Xinhua, February 28, 2015 Adjust font size:

Canada's main stock market slipped slightly as the losses from the info tech and the healthcare shares led the fall.

Toronto Stock Exchange's benchmark S&P/TSX Composite Index was down 6.82 points or 0.04 percent to 15,234.34 points.

Info-tech stocks plunged 2.07 percent, as CGI Group Inc. dived 3.52 percent to 52.31 Canadian dollars (about 41.84 U.S. dollars) and Open Text Corp. lost 1.81 percent to 72.82 Canadian dollars.

Healthcare sector slumped 1.27 percent with Valeant Pharmaceuticals International, Inc. plunging 2.28 percent to 246. 27 Canadian dollars and Catamaran Corp. plummeting 2.97 percent to 61.41 Canadian dollars.

Industrials gave back 0.50 percent when Bombardier Inc. fell 0. 38 percent to 2.6 Canadian dollars after its new plane CS300 takes to the air in test flight on Friday. Bombardier announced that it will get about 868 million U.S. dollars from a previous equity financing program to cover the high costs of the CSeries program.

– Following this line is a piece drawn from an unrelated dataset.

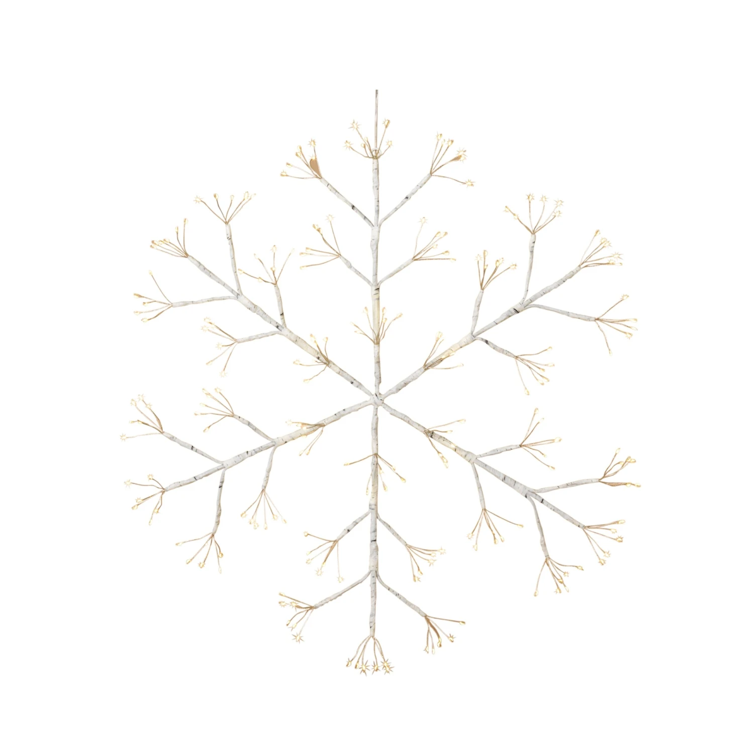 Let it snow with this 24-inch tall LED snowflake. The perfect piece of outdoor decor to add a touch of whimsical winter charm to your holiday season, leave it up all season to create a cozy ambiance in the dark winter months. Measuring 24 inches long, this snowflake is adorned with 216 warm white LED lights that glow beautifully against the dark of night. Elegant and enchanting, use this light to create a stunning focal point in your space. Hang it on your porch, fence, or anywhere else that needs a touch of holiday charm.

Among other losers, energy and telecom stocks lost 0.59 percent and 0.31 percent, respectively.

However, metals and mining advanced 1.70 percent as April gold moved ahead 3 U.S. dollars to 1213.1 dollars per ounce on the Comex division of the New York Mercantile Exchange. Eldorado Gold Corporation jumped 4.19 percent to 7.21 Canadian dollars per share.

The basic metals shares also rallied when Teck Resources Ltd. jumped 2.97 percent to 20.08 Canadian dollars.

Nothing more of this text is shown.